Several VPPs draw energy from household’s residential energy storage systems, while others communicate directly with homes’ smart thermostats. These technologies are much easier to install than other energy infrastructures and may even be incentivized by the utility itself. Moreover, VPPs can be scaled quickly, and their value propositions are not reliant on load forecasts; contracts with consumers, utilities, and other actors involved can nimbly be increased or decreased, something not possible for other energy sources that require siting permissions, construction and capital costs, and interconnection approval. Altogether, VPPs are efficient tools for demand response management that are cost- and time-effective for utilities to create and beneficial for individual customers to participate in. In fact, they are powerful enough even to scale to meet more than a fifth of projected peak demand in 2030, with data center growth factored in, according to the Rocky Mountain Institute.

Several forward-thinking RTOs and utilities have begun to roll out VPP efforts, including Pacific Gas & Electric, Southern California Edison, and San Diego Gas & Electric in California. The trio of utilities in California brought on a 535-megawatt VPP — the equivalent of a mid-sized gas power plant — for two hours in July, drawn from their sets of consumers that had opted into programs allowing the utilities to draw power from their residential energy storage systems, largely Sunrun and Tesla Powerwall batteries. The test provided a proof of concept: power sources drawn from several utilities and jurisdictions successfully, flexibly, and reliably kept the lights on statewide.

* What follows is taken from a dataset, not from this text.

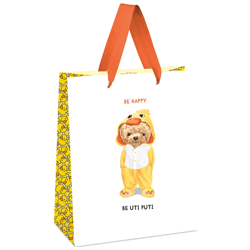 Пакеты MESHU – беспроигрышный способ преподнести подарок красиво. Размер подарочного пакета – 18*23*10 см. Изготовлен из плотного мелованного картона с выборочным лакированием и матовой ламинацией. Пакет MESHU UTI PUTI выполнен в забавном и милом дизайне.
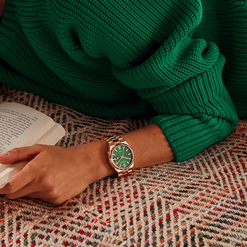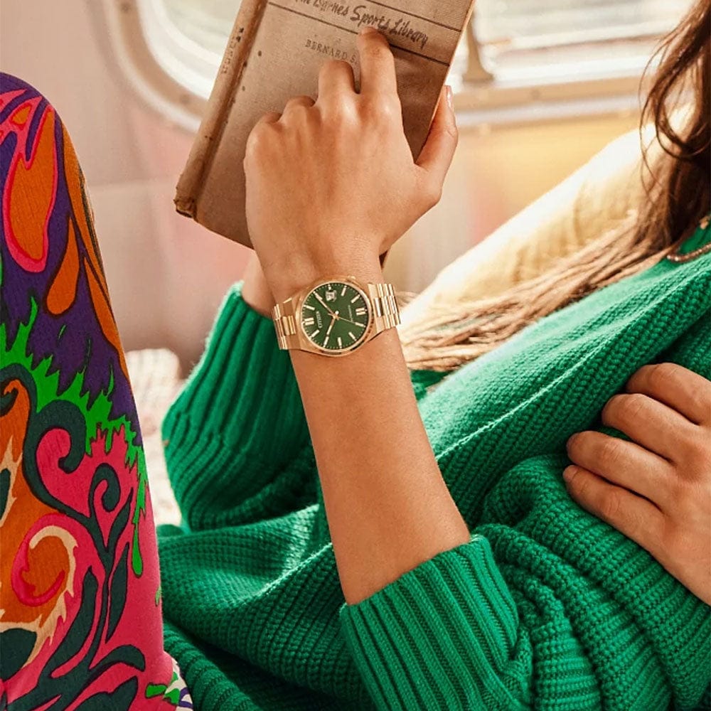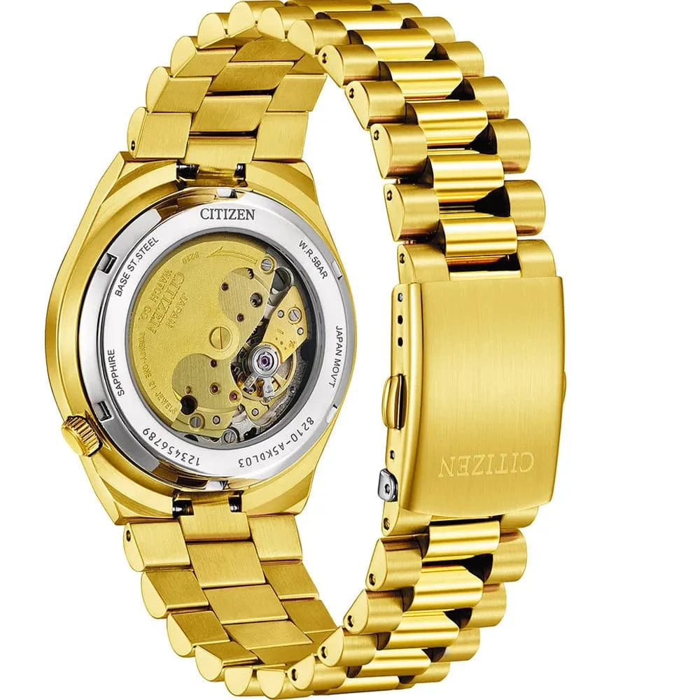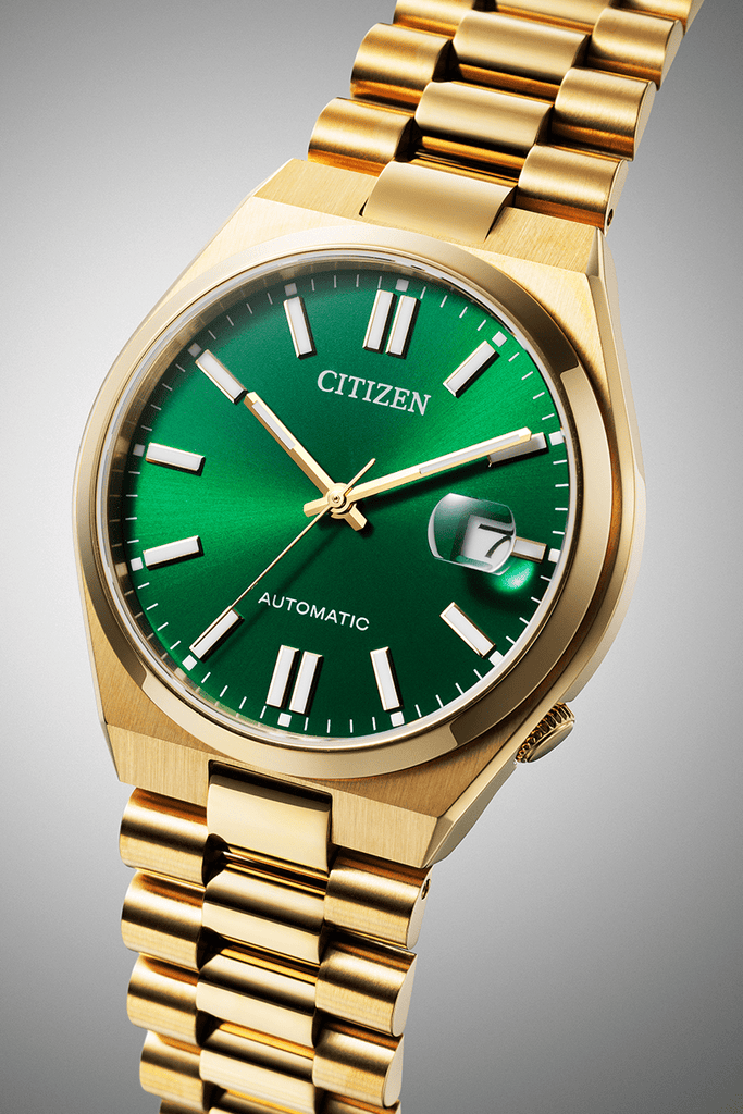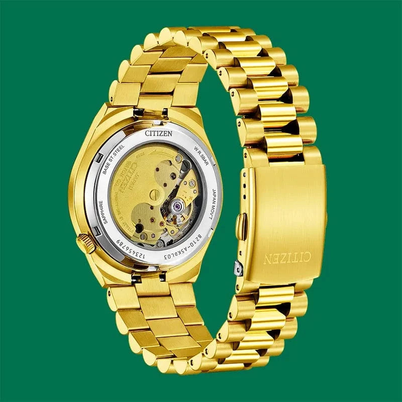 Introducing the new entry to the Tsuyosa collection, a timepiece that merges CITIZEN's esteemed mechanical precision with luxurious design elements. This watch's gold-plated stainless-steel construction radiates the opulence and enduring appeal of gold, offering a striking contrast to the rich green hue of the dial, 40mm in diameter, it provides a robust presence on the wrist that is both noticed and admired.

And there is more capacity to be had; this month, Sunrun reported a 400 percent increase in VPP program participation year over year. The company forecasts a potential capacity of 10 gigawatt-hours by 2029. Efforts to build out VPPs are also underway between National Grid and the New York Independent System Operator, with three aggregators for DERs having been selected in 2024. Sunrun has also been running a successful VPP with ISO New England since 2022. And in Texas, NRG Energy and Renew Home are partnering to bring on a 1-gigawatt VPP by 2035.

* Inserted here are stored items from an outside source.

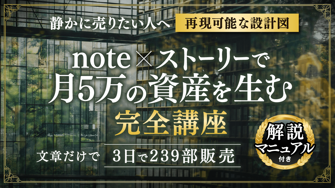 【PDF】note×ストーリーで月5万の資産を生む完全講座|3日で239部の再現戦略【7ステップ構成】(総文字数6万字以上)
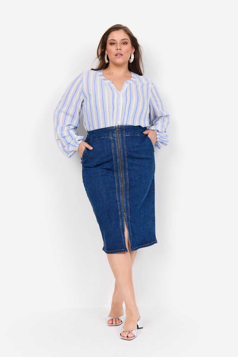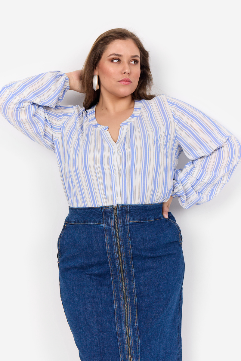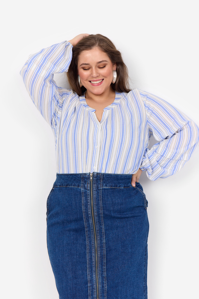 WA-VILMA 1 hebt das Shirt-Konzept mit seiner Konstruktion aus 100% ECOVERO Viskose hervor. Das Design umfasst einen entspannten Kragen, einen Knopfverschluss vorne und Manschettenärmel, die durch ein auffälliges vertikales Streifenmuster ergänzt werden. Kombiniere dieses Hemd mit einer maßgeschneiderten Hose oder einer Jeans für einen raffinierten Look, der über alle Anlässe hinausgeht.
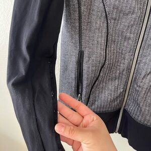 Chic zip-up sweater with a charcoal body. Black sleeves and accents. Ideal for layering. The jacket is in good shape, some slight sign of wear, does not have sizing but it is a size 6.
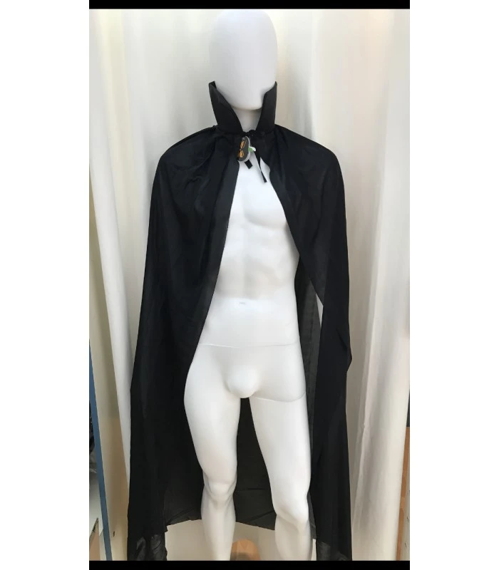 MANTELLO NERO CON COLLETTO 140CM , MANTELLO UTILE PER TRAVESTIMENTI DI CARNEVALE E PER TRAVESTIMENTI DI HALLOWEEN , ADATTO PER COSTUMI A TEMA E NON SOLO
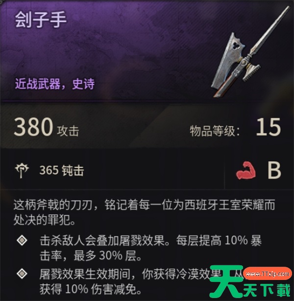 这套装备核心就是一把斧头,杀敌之后有30%暴击和10%减伤加成,清图还是不错的,打boss不太好用,主要是攻速太慢。
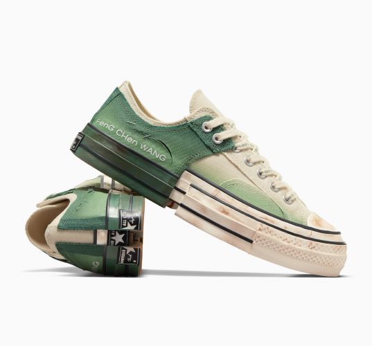 ‘컨버스 X 펑첸왕’이 선보인 두 가지 스니커즈를 하나로 결합한 투인원 척70 오리지널 디자인은 뉴욕과 상하이에서 열린 펑첸왕의 ‘My Half’ 컬렉션에서 처음 공개된 후 2019년 처음 출시되며 많은 관심을 받았다. 이번 협업은 투인원 척 70을 새로운 디자인의 로우탑 에디션으로 재해석하여 선보인다.

While this creative demand solution has legs and benefits the grid as a whole and individual customers, there are real barriers to adoption to overcome. For one thing, participation in a VPP program requires Wi-Fi-enabled smart technologies that grid operators control which can be more expensive than the traditional home appliances. That financial barrier can be lowered via incentives offered by utilities, but incentives are not ubiquitous and may not cover the full cost of purchasing and installation. Additionally, some consumers have concerns that the data from their smart devices could be used improperly. There is also the question of whether residential customers are being compensated enough for use of their DERs. Even more, many customers may not be aware that such programs exist. These issues and others have yet to be answered but will remain central to successfully bringing on significant VPP capacity.